Vous voudrez la quitter souvent, vous êtes si différents, vous n'en aurez jamais la force. Vous voudrez la garder toujours et ce ne sera pas possible, vous le savez. Un jour, elle vous oubliera aussi rapidement qu'elle vous a adoré, c'est un autre qui partagera ses cris, ses constants chagrins et plaisirs, son hystérie au delà du simple maladif et votre quotidien s'échouera, survivra plus encore que quand elle ne vous ne l'avez pas encore apportée.

De la méfiance de la philosophie et de la politique

La politique comme la philosophie sont deux sujets pour le moins intéressants, mais rapidement l'un comme l'autre prennent toute la place éjectant la littérature de l'esprit.
Nous songeons à l'opposition entre la praxis et l'élis et perdons l'esthétique des lettres au profit de la recherche de la raison, du vrai, du beau, du bien, du sens du monde etc.
Nous regardons notre cité sous son sens social et surtout politique et nous voici captivés, avalés par le marxisme, le libéralisme, le socialisme, le patriotisme, l'ultra-libéralisme, la situation politicienne actuelle, les problèmes de société qui sont de la partie ou qui sont injustement ôtés et nous voici à nouveau loin de la prose du roman.
Certes chateaubriand qui inclut cette dernière dans l'oeuvre, Malraux qui la sort.
Bien sûr, Diderot qui nous a écrit la Religieuse, Voltaire qui met le style dans Zadig ou Candide, Nietzsche qui philologue à travers un personnage, un récit et de la prose.
Mais ce ne sont pas Muray qui croque un rebelle à Roller ou Aubry dans sa défaite, mais en lui ôtant la fonction pour parler de l'égo. Pas plus, Maupassant ou Alphonse Daudet nous emplissant du précieux récit de leurs contes ponctués de contemplation. Ce n'est, en aucune façon, Giono dont l'Angelo se glisse dans l'eau, nu, la nuit pour nager dans la liberté ou l'envolée fantastique retrouvée dans la Morte Amoureuse et la Vénus d'Ylle. Il ne s'agit plus de la comédie humaine ou de la saga des Rougon- Maquart dans leur description des moeurs du dix neuvième s. Plus de place pour le combat et l'ascension du Capitaine Fracasse.

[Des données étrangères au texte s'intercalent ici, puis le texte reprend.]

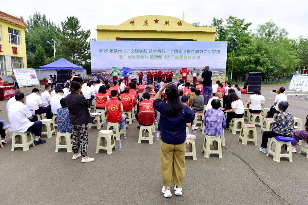6月26日上午,朔州市、朔城区两级新时代文明实践指导中心联合朔州市城市管理局及朔州市第七届全国文明单位,共同在朔城区张蔡庄乡峙庄村举办“文明实践,结对同行”全国文明单位助力文明实践暨“分类齐参与,低碳新时尚”主题宣传活动。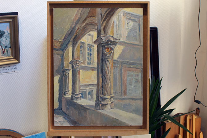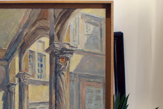 Caisse américaine en chêne brut pour cette huile sur carton entoilé d’André Pardon d’une cour renaissance de Villefranche sur Saône

Il me faut pour replonger dans l'écriture du roman et celui que j'aime quitter les dérivatifs que m'engendrent l'islam, la politique, la sociologie, la philosophie, le Droit, le communautarisme, l'Histoire, le journalisme. Me dégager même de la poétique des textes et des cinq étapes ancrées de la rhétorique pour ne plus être le temps du travail qu'un romancier.